> _Working data_
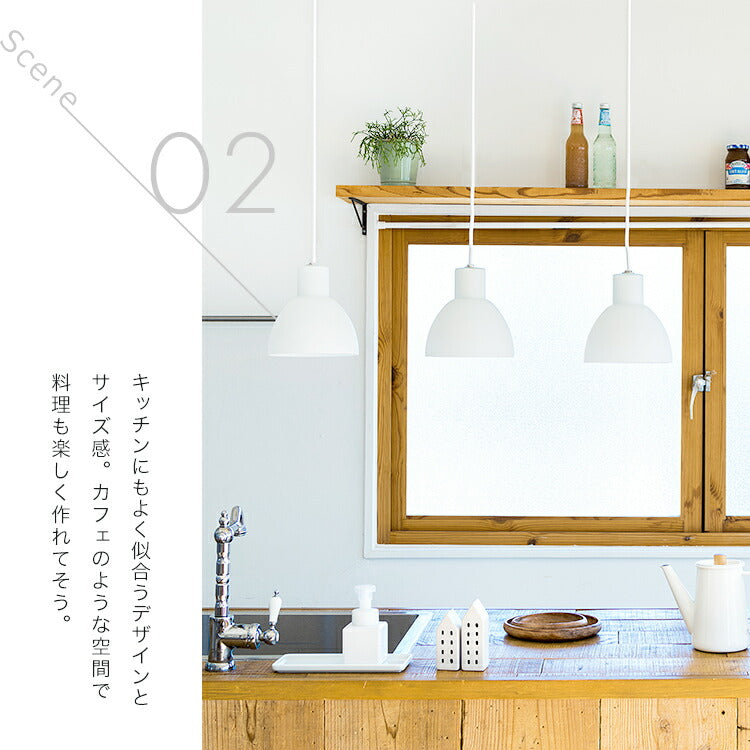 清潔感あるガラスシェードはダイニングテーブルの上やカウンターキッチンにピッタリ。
...
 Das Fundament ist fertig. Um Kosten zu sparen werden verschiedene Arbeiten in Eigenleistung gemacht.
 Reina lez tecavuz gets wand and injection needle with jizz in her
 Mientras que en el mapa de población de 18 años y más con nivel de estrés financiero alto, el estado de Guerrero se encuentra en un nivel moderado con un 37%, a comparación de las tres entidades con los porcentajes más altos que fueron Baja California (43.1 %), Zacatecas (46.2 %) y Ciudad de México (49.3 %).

> _Work request_
Copy out, exactly and alone, the lines of the entries above between the ones holding "Das Fundament ist" and "Reina lez tecavuz", inclusive.

> _Written reply_
 Das Fundament ist fertig. Um Kosten zu sparen werden verschiedene Arbeiten in Eigenleistung gemacht.
 Reina lez tecavuz gets wand and injection needle with jizz in her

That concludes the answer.